The fourth time was a little better. I got across the room and back twice. I went over to the washbowl and rinsed it out and leaned on it and drank water out of the palm of my hand. I kept it down. I waited a little and drank more. Much better.
I walked. I walked. I walked.
Half an hour of walking and my knees were shaking but my head was clear. I drank more water, a lot of water. I almost cried into the bowl while I was drinking it.
I walked back to the bed. It was a lovely bed. It was made of roseleaves. It was the most beautiful bed in the world. They had got it from Carole Lombard. It was too soft for her. It was worth the rest of my life to lie down in it for two minutes. Beautiful soft bed, beautiful sleep, beautiful eyes closing and lashes falling and the gentle sound of breathing and darkness and rest sunk in deep pillows.
They built the Pyramids and got tired of them and pulled them down and ground the stone up to make concrete for Boulder Dam and they built that and brought the water to the Sunny Southland and used it to have a flood with.
I walked all through it. I couldn’t be bothered.
I stopped walking. I was ready to talk to somebody.
The closet door was locked. The heavy chair was too heavy for me. It was meant to be. I stripped the sheets and pad off the bed and dragged the mattress to one side. There was a mesh spring underneath fastened top and bottom by coil springs of black enameled metal about nine inches long. I went to work on one of them. It was the hardest work I ever did. Ten minutes later I had two bleeding fingers and a loose spring. I swung it. It had a nice balance. It was heavy. It had a whip to it.

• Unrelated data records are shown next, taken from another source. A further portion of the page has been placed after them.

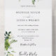 Esta invitación de boda todo en uno presenta vegetación botánica que cae a través de tipografía elegante. La invitación incluye una tarjeta de RSVP perforada con un código QR. Diseñado por Thisisnotme©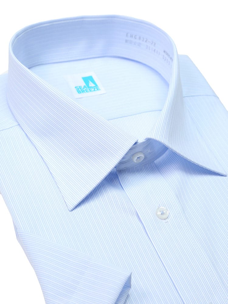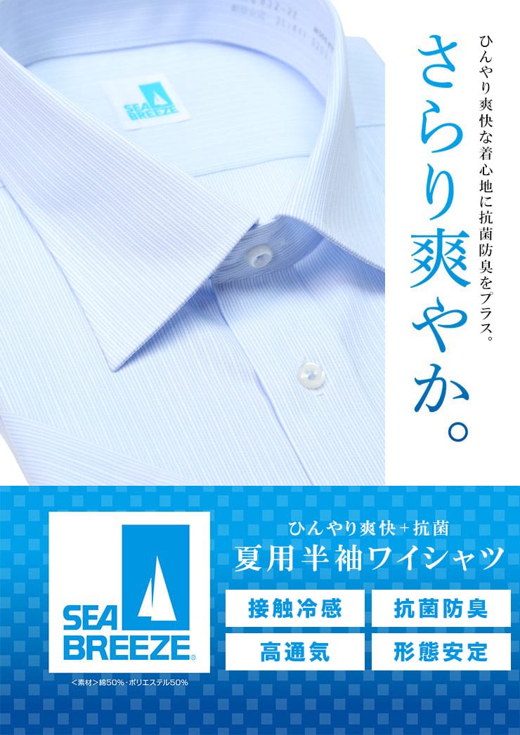 快適な着心地でビジネスシーンをアシストするSEA BREEZEのセミワイドカラー 半袖 ワイシャツ。抗菌防臭と接触冷感で暑い夏も快適に過ごすことが出来ます。お手入れが楽な形態安定機能付きです。高通気構造で通気性も抜群。爽やかな色を基調にした春夏のビジネスシーンにぴったりのアイテムです。キレイなシルエットのSLIMBODY。
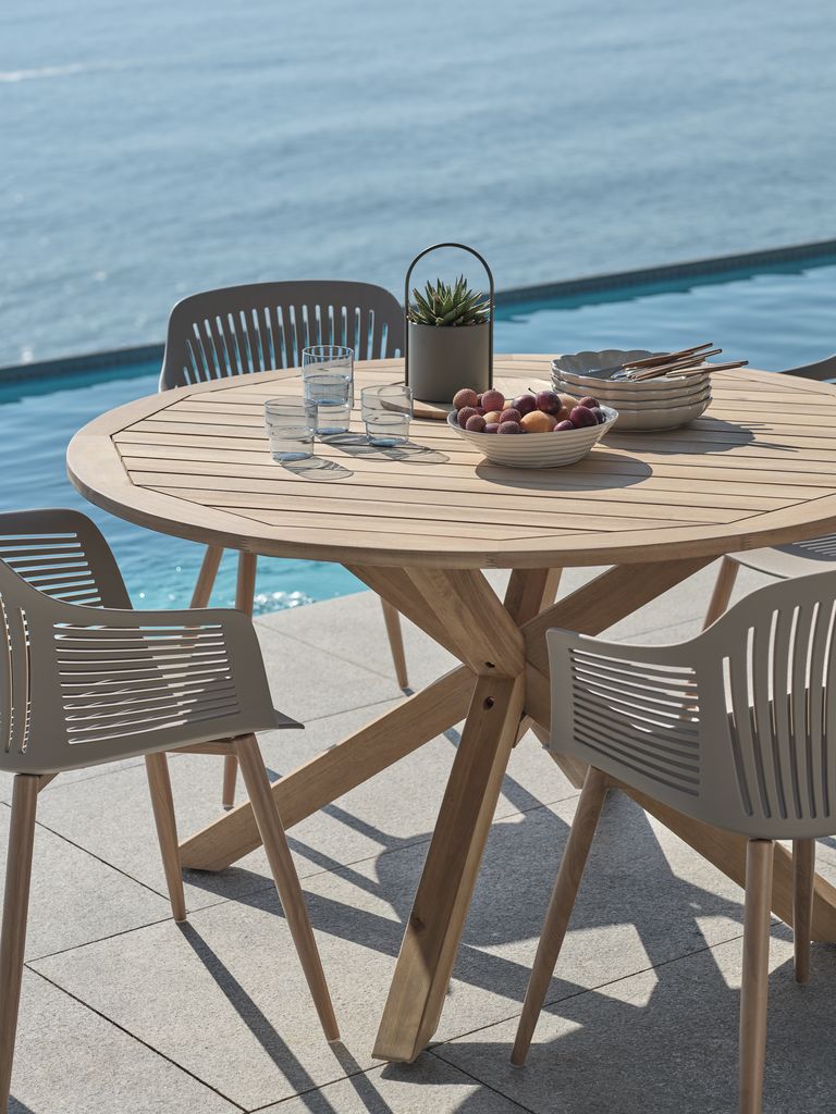 Mesa de jardín redonda de madera dura FSC® aceitada. La madera resistente se trata con aceite para protegerla y resaltar su color natural. Se recomienda seguir aceitando la madera de forma habitual, para mantener su color y protegerla de la humedad. Ø126 x A75 cm

And when this was all done I looked across at the whiskey bottle and it would have done just as well, and I had forgotten all about it.
I drank some more water. I rested a little, sitting on the side of the bare springs. Then I went over to the door and put my mouth against the hinge side and yelled:
“Fire! Fire! Fire!”
It was a short wait and a pleasant one. He came running hard along the hallway outside and his key jammed viciously into the lock and twisted hard.

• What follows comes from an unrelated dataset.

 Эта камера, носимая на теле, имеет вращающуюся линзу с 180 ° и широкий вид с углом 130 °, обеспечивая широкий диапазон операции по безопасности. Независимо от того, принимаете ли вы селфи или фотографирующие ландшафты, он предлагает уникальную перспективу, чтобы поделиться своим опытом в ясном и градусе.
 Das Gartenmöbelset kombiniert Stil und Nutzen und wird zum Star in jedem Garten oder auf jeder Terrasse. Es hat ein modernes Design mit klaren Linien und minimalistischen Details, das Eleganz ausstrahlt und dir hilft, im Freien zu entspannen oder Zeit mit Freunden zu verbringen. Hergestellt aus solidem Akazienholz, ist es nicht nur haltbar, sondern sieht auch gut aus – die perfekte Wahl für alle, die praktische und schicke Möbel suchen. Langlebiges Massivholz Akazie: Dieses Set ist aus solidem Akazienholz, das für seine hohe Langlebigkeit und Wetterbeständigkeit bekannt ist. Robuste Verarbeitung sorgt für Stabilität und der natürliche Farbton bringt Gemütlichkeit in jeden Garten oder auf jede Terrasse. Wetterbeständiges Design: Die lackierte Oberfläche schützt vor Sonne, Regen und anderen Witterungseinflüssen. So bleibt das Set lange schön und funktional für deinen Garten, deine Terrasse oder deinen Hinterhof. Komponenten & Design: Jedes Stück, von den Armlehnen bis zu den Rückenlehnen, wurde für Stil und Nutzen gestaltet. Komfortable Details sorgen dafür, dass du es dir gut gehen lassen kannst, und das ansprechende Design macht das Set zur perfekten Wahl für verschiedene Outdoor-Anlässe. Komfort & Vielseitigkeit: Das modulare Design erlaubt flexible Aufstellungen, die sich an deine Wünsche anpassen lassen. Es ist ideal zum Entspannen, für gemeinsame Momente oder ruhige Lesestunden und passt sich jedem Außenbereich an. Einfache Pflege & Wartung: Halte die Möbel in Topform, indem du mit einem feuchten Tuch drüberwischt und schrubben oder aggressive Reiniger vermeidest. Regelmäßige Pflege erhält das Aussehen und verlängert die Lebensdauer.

The door jumped open. I was flat against the wall on the opening side. He had the sap out this time, a nice little tool about five inches long, covered with woven brown leather. His eyes popped at the stripped bed and then began to swing around.

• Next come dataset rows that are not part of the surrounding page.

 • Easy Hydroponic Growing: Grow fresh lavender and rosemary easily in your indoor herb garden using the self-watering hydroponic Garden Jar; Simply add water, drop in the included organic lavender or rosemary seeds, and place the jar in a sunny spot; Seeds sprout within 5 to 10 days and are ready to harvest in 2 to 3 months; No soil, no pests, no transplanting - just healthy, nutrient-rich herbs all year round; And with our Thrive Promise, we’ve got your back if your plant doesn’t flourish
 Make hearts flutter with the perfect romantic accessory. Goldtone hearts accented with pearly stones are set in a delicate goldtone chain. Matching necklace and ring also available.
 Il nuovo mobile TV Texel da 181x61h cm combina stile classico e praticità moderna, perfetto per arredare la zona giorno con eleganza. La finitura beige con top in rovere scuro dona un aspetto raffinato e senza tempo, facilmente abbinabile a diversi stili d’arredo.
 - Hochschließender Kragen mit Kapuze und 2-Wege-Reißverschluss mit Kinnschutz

I giggled and socked him. I laid the coil spring on the side of his head and he stumbled forward. I followed him down to his knees. I hit him twice more He made a moaning sound. I took the sap out of his limp hand. He whined.
I used my knee on his face. It hurt my knee. He didn’t tell me whether it hurt his face. While he was still groaning I knocked him cold with the sap.
I got the key from the outside of the door and locked it from the inside and went through him. He had more keys. One of them fitted my closet. In it my clothes hung. I went through my pockets. The money was gone from my wallet. I went back to the man with the white coat. He had too much money for his job. I took what I had started with and heaved him on to the bed and strapped him wrist and ankle and stuffed half a yard of sheet into his mouth. He had a smashed nose. I waited long enough to make sure he could breathe through it.
I was sorry for him. A simple hardworking little guy trying to hold his job down and get his weekly pay check. Maybe with a wife and kids. Too bad. And all he had to help him was a sap. It didn’t seem fair. I put the doped whiskey down where he could reach it, if his hands hadn’t been strapped.
I patted his shoulder. I almost cried over him.
All my clothes, even my gun harness and gun, but no shells in the gun, hung in the closet. I dressed with fumbling fingers, yawning a great deal.
The man on the bed rested. I left him there and locked him in.
Outside was a wide silent hallway with three closed doors. No sounds came from behind any of them. A wine-colored carpet crept down the middle and was as silent as the rest of the house. At the end there was a jog in the hall and then another hall at right angles and the head of a big old-fashioned staircase with white oak bannisters. It curved graciously down into the dim hall below. Two stained glass inner doors ended the lower hall. It was tessellated and thick rugs lay on it. A crack of light seeped past the edge of an almost closed door. But no sound at all.